Allerdings scheint Sharpytown keine gute Idee gewesen zu sein, denn ein Bewohner nach dem nächsten verschwindet und Percy muss schon bald den Platz des Sheriffs einnehmen...

Meine Meinung: 
Die Geschichte hat definitiv zu wenig Seiten! :D
Bereits nach den ersten drei Seiten war mir klar, hier halte ich genau das richtige Buch für mich in den Händen (wenn man von der niedrigen Seitenzahl absieht). Der mehr als lustige, humoristische Schreibstil fesselte mich vom ersten Augenblick an die spannende Geschichte. Und ich muss wohl nicht extra betonen, dass ich diese in einem Rutsch gelesen habe!
Darüber hinaus habe ich auch einiges über die Herstellung von Buntstiften gelernt! :D
Warum verrate ich euch aber nicht! Das müsst ihr selbst herausfinden.

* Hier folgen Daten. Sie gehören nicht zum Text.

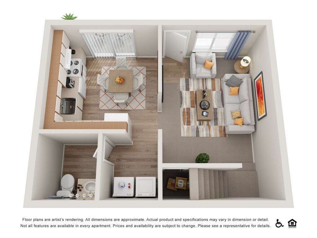 Apartment Model: Two Bedroom TownhomeFrom $1,9452 Bedroom, 1.5 Bath, 915 sq ftAvailable NowFloor plans are artist's rendering. All dimensions are approximate. Actual product and specifications may vary in dimension or detail. Not all features are available in every rental home. Prices and availability are subject to change. Base rent is based on monthly frequency. Additional fees may apply, such as but not limited to package delivery, trash, water, amenities, etc. Deposits vary. Please see a representative for details.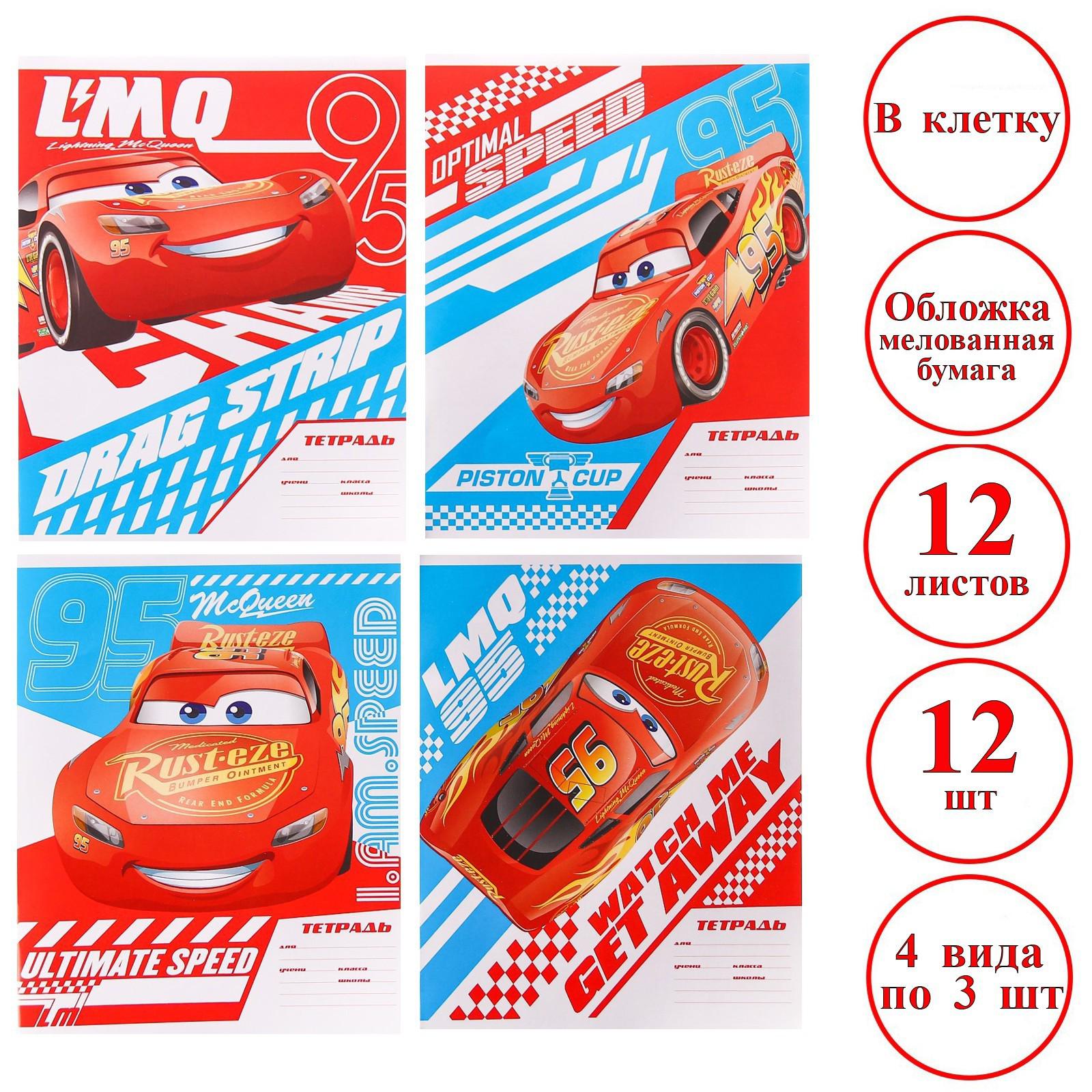 Комплект тетрадей из 12 шт "Тачки", 12 листов, в клетку, обложка бумага мелованная,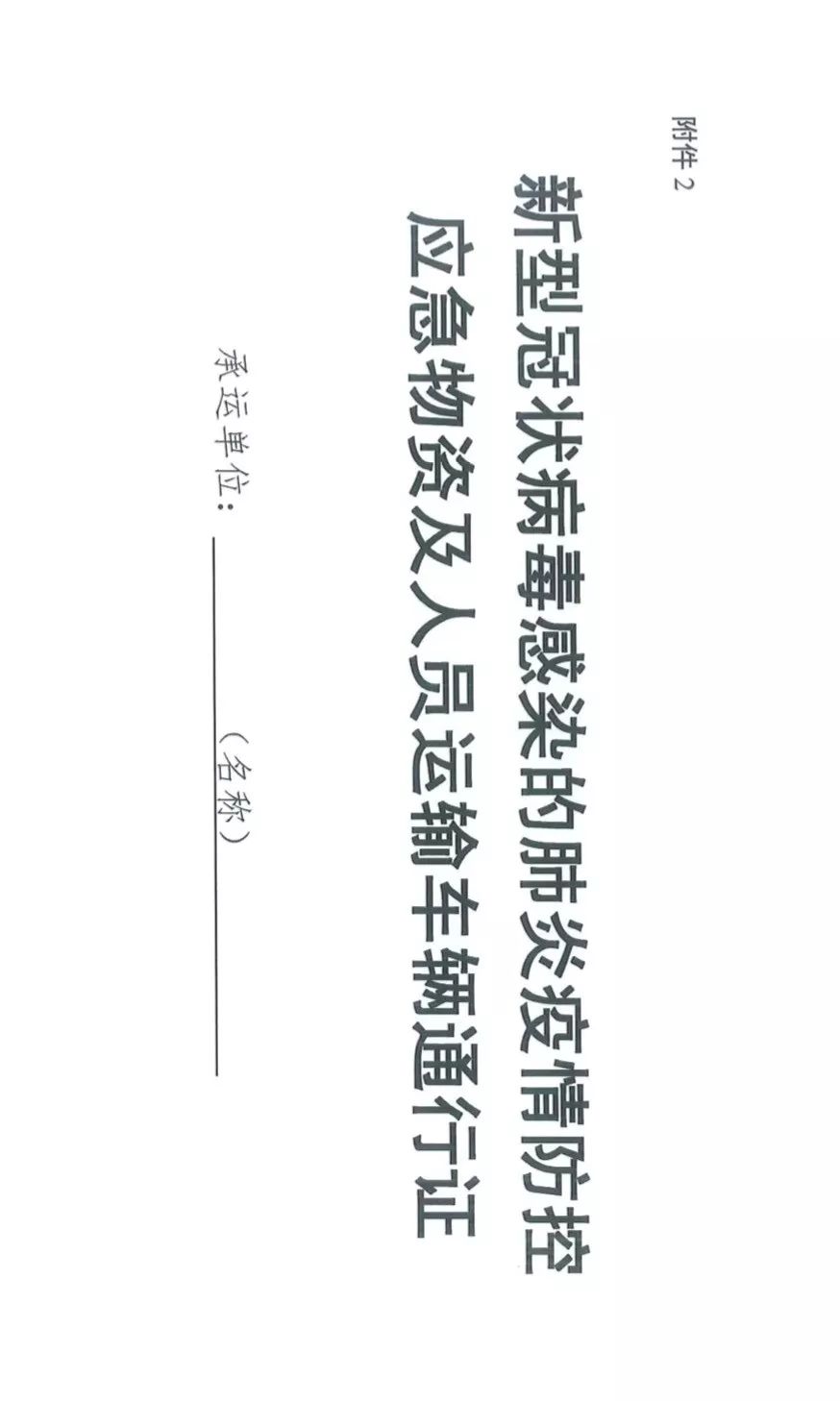 2 《新型冠狀病毒感染的肺炎疫情防控物資及人員運(yùn)輸車輛通行證》式樣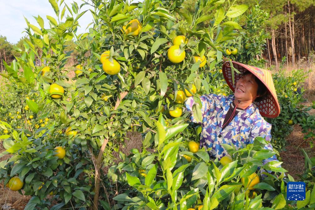 11月6日,在湖南省永州市新田縣金盆鎮柑桔產(chǎn)業(yè)示范園,果農給沃柑撐果、剪枝。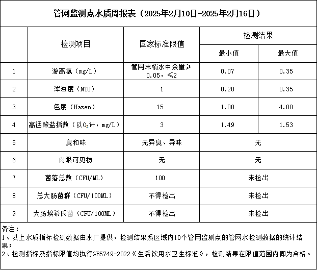 管網(wǎng)監(jiān)測(cè)點(diǎn)水質(zhì)周報(bào)表(2025年2月10日-2025年2月16日)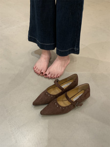 感坡跟晚风气质小众单鞋女鞋子2025秋冬尖头通勤晚晚奶奶鞋子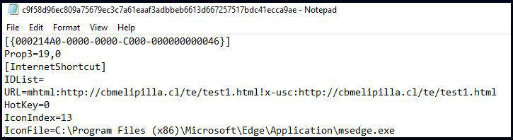 不过攻击者发现可以通过在 URL 指令中使用 mhtml: URI 处理程序,来强制 Internet Explorer 打开指定的 URL,如下图所示: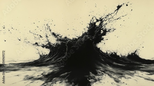 Abstract black and white ink splatter on a canvas, viewed from a slight angle to show the dynamic movement of the splashes
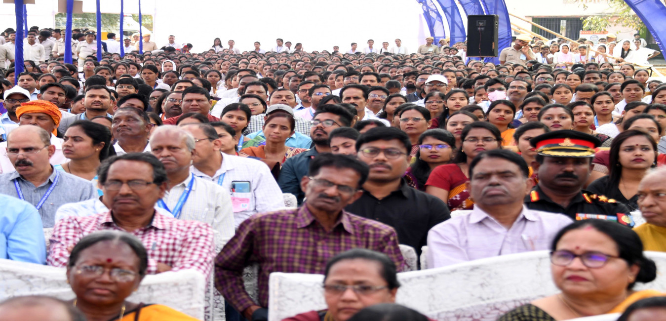 The President of India, Smt Droupadi Murmu addressed a meeting of Mahima Cult at Mini Stadium, Sambalpur, Odisha on March 2, 2024.

Percy, mein neuer kleiner privater Liebling, ist ein eindrucksvoller Protagonist, wie man ihn nicht in vielen Büchern findet. Er ist sarkastisch, leicht cholerisch, und dabei doch schrecklich amüsant für den Leser. Selbst in den gefährlichsten Situationen verliert er sein freches, vorlautes Mundwerk nicht.
Aber das kleine Erdmännchen kann auch anders. Mal benimmt er sich wie ein kleines Kind. Ein anderes Mal verspürt er den großen Drang zu Kuscheln. Und Wenn es sein muss zeigt er auch besorgte Züge.
Außerdem hat er das coolste Auto der Welt, das sogar (via Google) mit ihm sprechen kann.

Milten hingegen ist zu Beginn nur nervig für Percy. Doch schon bald findet unser Erdmännchen gefallen an dem jungen, unerfahrenen und etwas weltfremden Erfinder, der noch nie wirklich etwas erfunden hat.
Der junge Mann hat eine schnelle Auffassungsgabe und ein gutes Gedächtnis, was ihn doch bald sehr nützlich macht.

Die Geschichte an sich ist großartig gestaltet, mit viel liebe zum Detail. Wie gesagt, ich verstehe die Verleger oft nicht...
Ich kann euch nur raten, dieses Buch zu lesen, wenn ihr auf Fantasy steht.
Und wenn es euch dann gefallen hat, schreit ihr bestimmt wie ich, nach dem zweiten Band, der leider noch in Arbeit ist.